=== Begin Enclosure ===

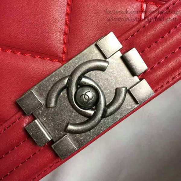 Ch**el chevron lambskin quilted boy bag with top handle black
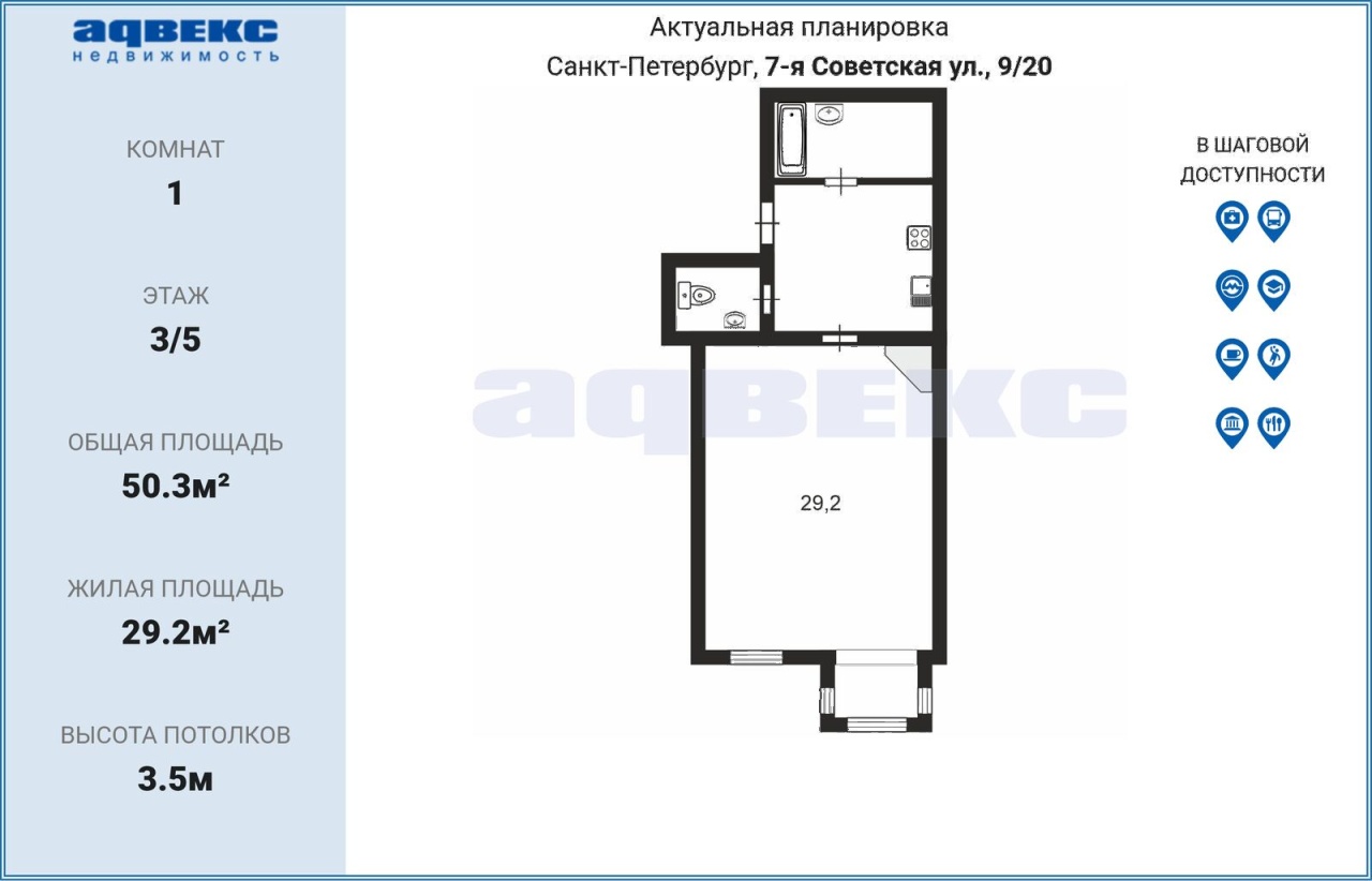 | Жилая площадь | 29.2 кв.м. | Число комнат | 1 |
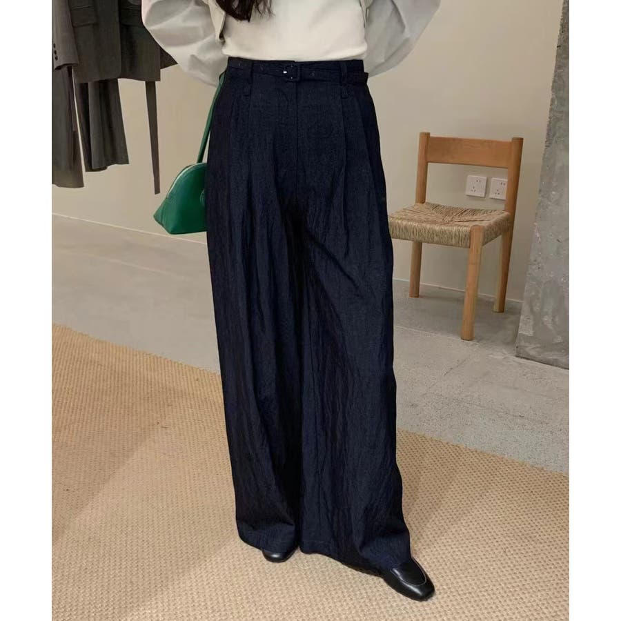 ベルト付きワイドパンツ
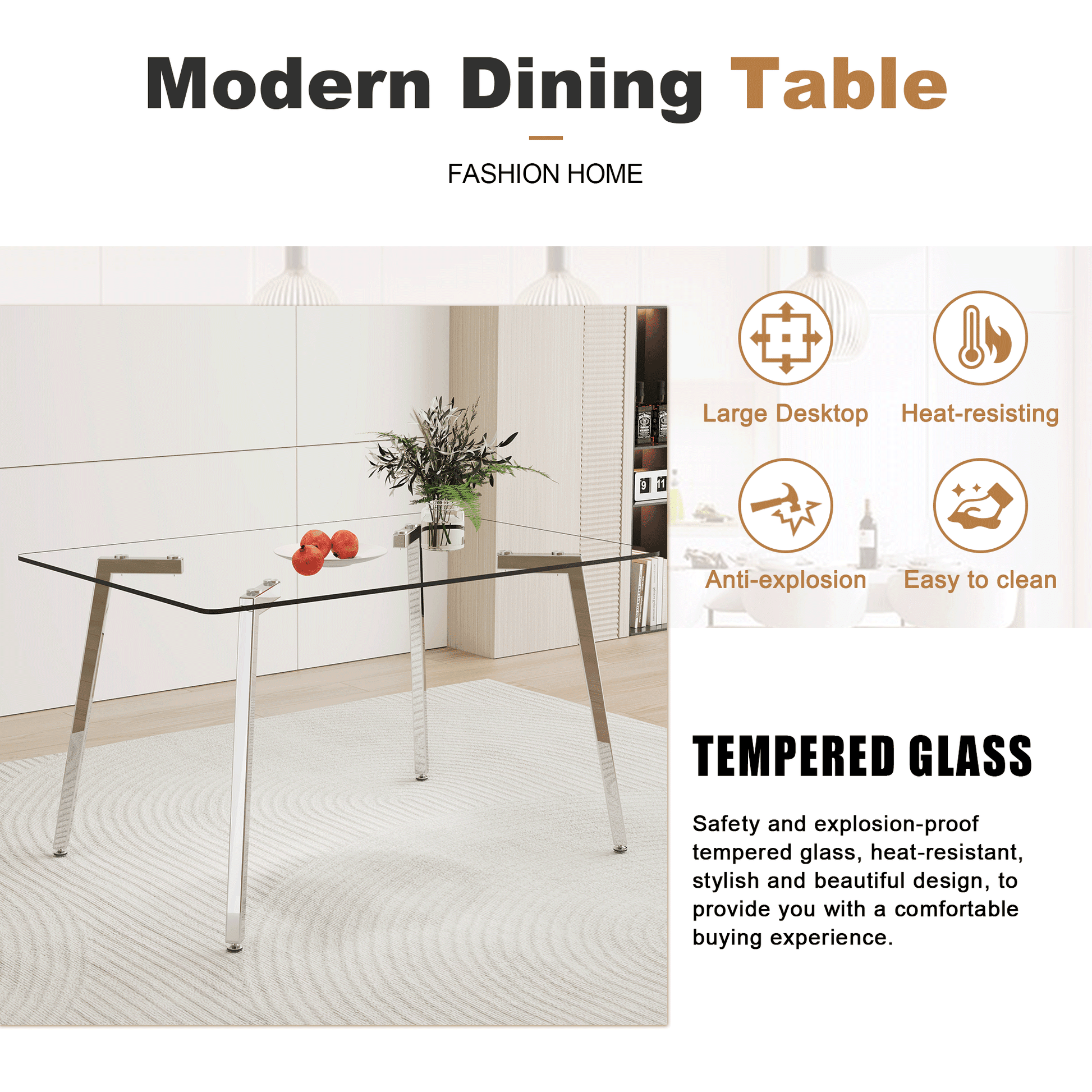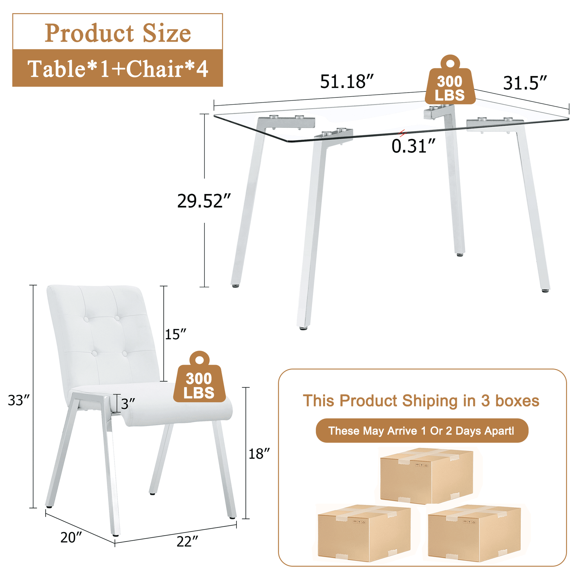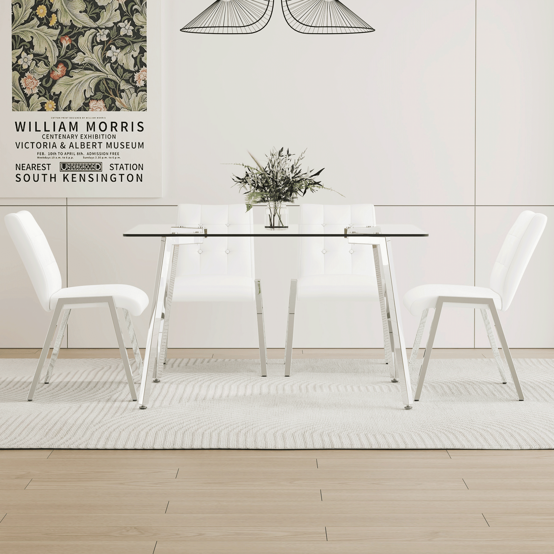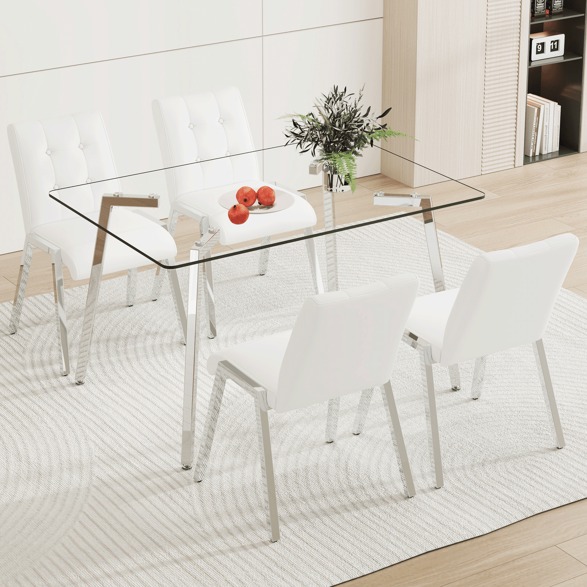Our glass dining table and chair set combines simplicity and elegance. The glass kitchen table is made of durable tempered glass that resists heat and scratches.The transparent top is sturdy and safe. The dining room chairs feature comfortable seats upholstered in easy-to-clean, waterproof PU leather. With silver chromo legs, this dining set offers a stylish and cozy dining experience.

=== End Enclosure ===

Write out the material exactly as it stands, omitting every picture.

 Ch**el chevron lambskin quilted boy bag with top handle black
 | Жилая площадь | 29.2 кв.м. | Число комнат | 1 |
 ベルト付きワイドパンツ
Our glass dining table and chair set combines simplicity and elegance. The glass kitchen table is made of durable tempered glass that resists heat and scratches.The transparent top is sturdy and safe. The dining room chairs feature comfortable seats upholstered in easy-to-clean, waterproof PU leather. With silver chromo legs, this dining set offers a stylish and cozy dining experience.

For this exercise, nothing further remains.